We seek professionals who combine strong Pharma/Lifesciences domain expertise with an AI-ready mindset, leveraging AI, GenAI, Data, and Digital Technologies to transform business processes, accelerate outcomes, and unlock new opportunities for innovation.
Responsibilities:
- Lead domain guidance across Clinical Data Management, RBQM, and Intelligent Clinical Trials.
- Translate complex clinical requirements into AI/data-driven solutions in collaboration with data science, data engineering and technology teams.
- Drive the integration of AI in protocol design, site selection, patient recruitment, and outcome prediction.
- Define and implement RBQM frameworks using data-driven models
- Support the development and deployment of AI-powered chatbots to enhance patient communication, consent management, and site support.
- Identify opportunities to use NLP, machine learning, and predictive analytics in trial operations and monitoring.
- Contribute to solutioning, proposal development, and client presentations from a domain perspective.
- Mentor internal teams on current clinical trends and technologies.
- Advice on implementation and optimization of Clinical Platforms/ Clinical Technologies like Veeva Vault Clinical Suite, Metadata, Oracle Clinical etc.
Required Skills:
- Solid understanding of RBQM methodologies and metrics.

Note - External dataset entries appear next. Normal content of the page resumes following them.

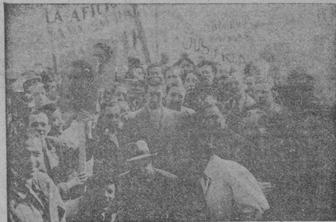
De regreso de América, ha llegado al aeropuerto de Barajas, el famoso diestro español Manuel Rodríguez «Manolote», siendo recibido entusiastamente por amigos y aficionados.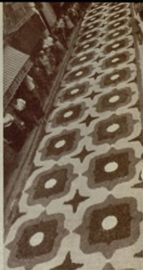
Mañana del Corpus

homenaje al Señor se ve, anualmente, correspondida y admirada por innumerables forasteros que de España entera y aun del extranjero coinciden en estos días en la Villa catalana del Mediterráneo, llevándose de la misma el más compungido recuerdo y convirtiéndose en propagandistas del noble afán religioso y artístico de ese pueblo. M. C.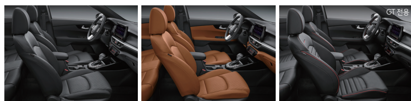
블랙 인테리어(가죽/인조가죽) 오렌지 브라운 인테리어(가죽/인조가죽) 블랙 인테리어(가죽/인조가죽)

※ 본 인쇄물에 수록된 사진의 색상은 인쇄 등 제작 과정을 거치며 실제 차량의 색상과 다소 차이가 발생할 수 있습니다.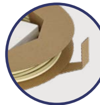
Aletas integradas en la bobina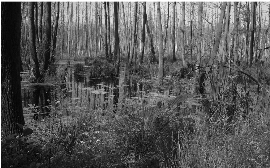
Abbildung 1: Ausschnitt aus dem revitalisierten Waldmoor bei Wöpkendorf, Mecklenburg-Vorpommern, im Juni 2006. — Figure 1: Section of the revitalized forest mire near Wöpkendorf, Mecklenburg-Pomerania, in June 2006.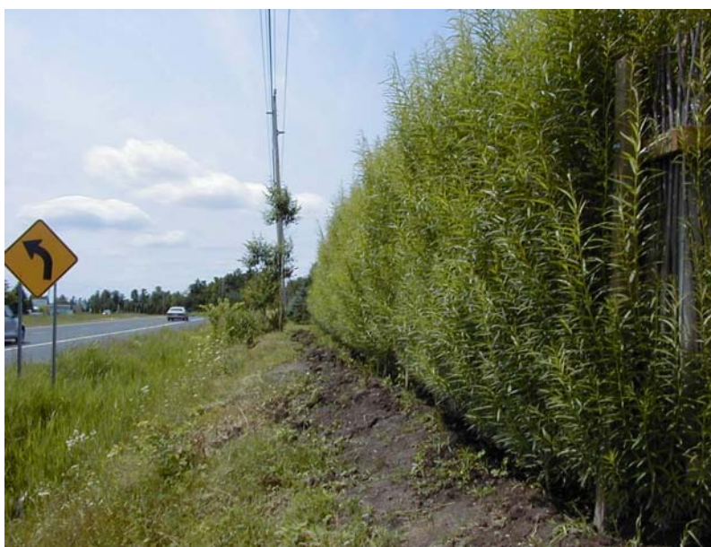
Figure 2. Mur végétal réalisé à Saint-Bruno, six semaines après sa mise en place.

Ceci nous a également permis de réaliser que les murs faits de végétaux peuvent non seulement être érigés en bordure de route et répondent à des préoccupations liées au transport mais qu'ils peuvent aussi être envisagés pour de multiples autres scénarios. On les imagine ainsi aux alentours de zones industrielles, de dépotoirs, de terrains de golf, le long de pistes cyclables, en bordure des gares, des cours d'école, le long des voies ferrées, etc. Leur utilisation est donc pratiquement illimitée puisqu'on peut adapter cette structure selon les situations ou l'espace disponible. Les murs faits de végétaux pourraient donc intéresser une clientèle fortement diversifiée.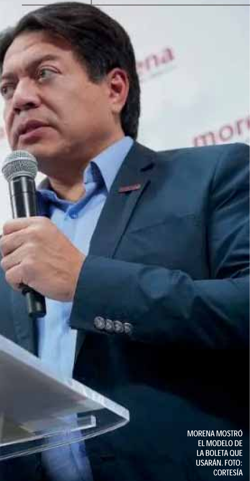
MORENA MOSTRÓ EL MODELO DE LA BOLETA QUE USARÁN.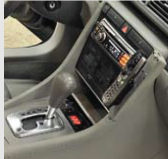
▲ Alpinen F1-sarjan huippuohjelmälähde istuu komeasti keskellä kojelautaa. Soittimen alapuolelta vaihdokopin edestä löytyy Braxin jännite-näyttö.

▼ Soittimelle löytyy pienikokoinen kondensaattori asennettuna hansiklokeroon. Eikä muuten ole mitään huuhaata, parantaa ihan oikeasti äänenlaatua. Konkan vieressä makoille soittimen kookkaanpuoleinen virtälähde.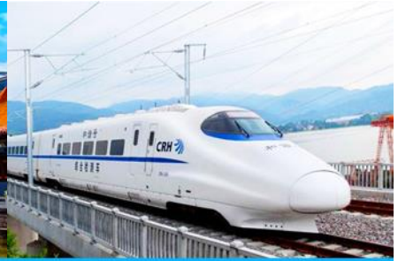
บั้งรถไฟความเร็วสูง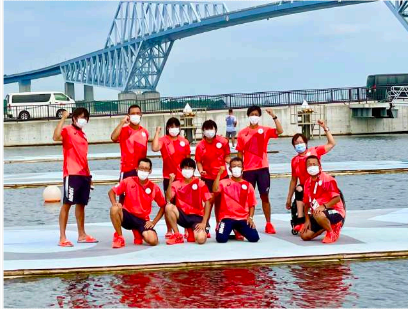
↑実力を出し切り次の挑戦へと進むパラローイング日本代表選手団！

真夏・快晴の東京でついに迎えた大舞台：東京2020パラリンピック！たくさんの温かい応援をありがとうございました！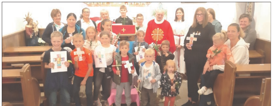
Die Kinder präsentieren ihre Kunstwerke, die nach der Segnung mit nach Hause genommen wurden.

melten. Schlusspunkt des Gottesdienstes war die Segnung der gemalten Bilder und der gebastelten Kreuze.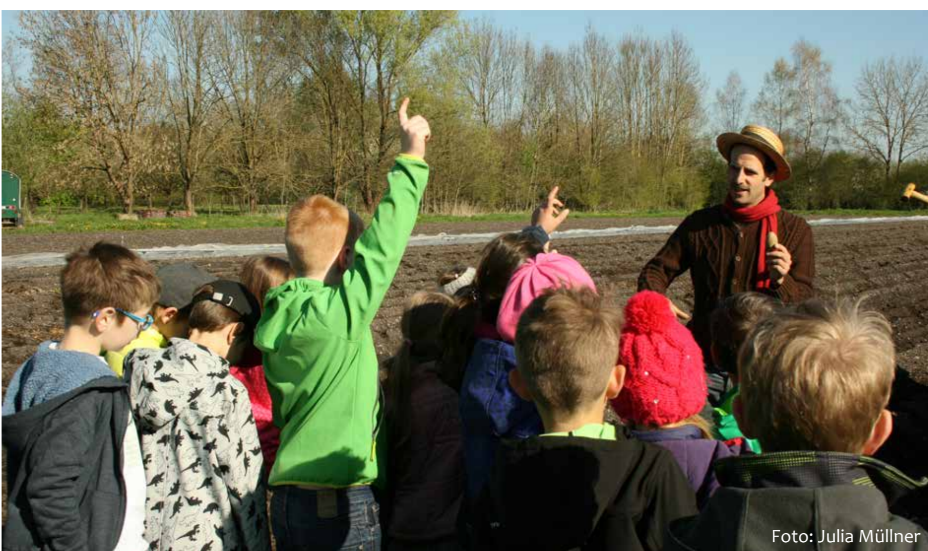
Hier können die Kinder Lehrplanthemen hautnah erleben.

- Proven experience in leveraging AI/ML and advanced analytics in clinical trials – including tools for protocol simulation, predictive modeling, and data harmonization.
- Understanding how chatbots and conversational AI can be used for patient follow-up, FAQs, data collection, and engagement during trials.
- Familiarity with CDISC standards (SDTM, ADaM) and regulatory requirements (ICH-GCP, FDA, EMA).
- Strong interpersonal and communication skills to work with cross-functional teams and client stakeholders.
Preferred Qualifications:
- Experience with platforms like Medidata, Oracle Clinical, SAS, or AI frameworks in healthcare.
- Exposure to chatbot development platforms (e.g., Dialogflow, Microsoft Bot Framework) is a plus.
- Knowledge of FAIR data principles and real-world evidence (RWE) integration.
- Previous experience working with pharma sponsors, CROs, or regulatory bodies.